The path is different than the filename though. If I want to find duplicates, it will be impossible if the filename changes. In my use case

/User/user/Images/20240110/happy_birthday.jpg

and

/User/user/Desktop/happy_birthday.jpg

are the same image.

  • > it will be impossible if the filename changes.

    Not impossible, just different and arguably better - comparing hashes is a better tool for finding duplicates.

    • From a technological standpoint, sure. I'd argue when you're staring down the barrel of 19,234 duplicate file deletions, with names like `image01.jpg`, `image02.jpg` instead of `happy_birthday.jpg`, there's a level of perceptual cognitive trust there that I just can't provide.

  • If your camera (or phone) uses the DCF standard [0], you will eventually end up with duplicates when you hit IMG_9999.JPG and it loops around to IMG_0001.JPG. Filename alone is an unreliable indicator.

    [0]: https://en.wikipedia.org/wiki/Design_rule_for_Camera_File_sy...

    • > loops around to IMG_0001

      Almost all cameras create a new directory, e.g.

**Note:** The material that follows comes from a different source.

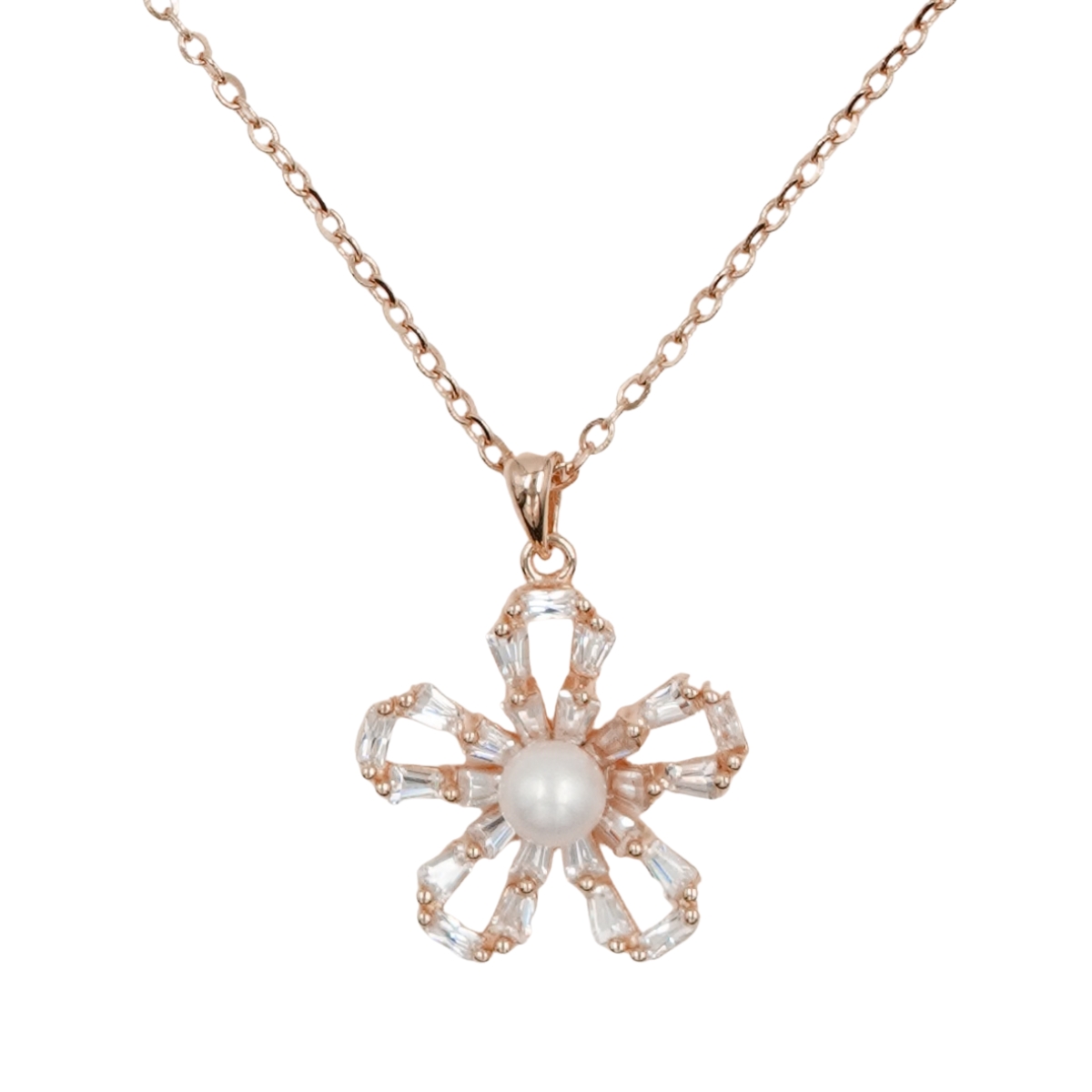 Collana Argento fiore con zirconi e perla – Rosè

DSC002, and start from IMG_0001 to prevent collision.

    • Which systems still use this shortsighted convention? All photos I’ve taken with the default camera app in the last many years are named with a timestamp.

      1 reply →

  • > If I want to find duplicates, it will be impossible if the filename changes.

    Depends on what is meant by a "duplicate." It would be a good idea to get a checksum of the file, which can detect exact data duplicates, but not something where metadata is removed or if the image was rescaled. Perceptual hashing is more expensive but is better distinguish matches between rescaled or cropped images.

    https://en.wikipedia.org/wiki/Perceptual_hashing

It's not "obvious" at all, since it's contextual, it depends on the purpose and semantics of whatever service you're uploading the photo to.

Depending on how it'll be used next, not only can the current filename be important, I may even want to give something a custom filename with more data than before.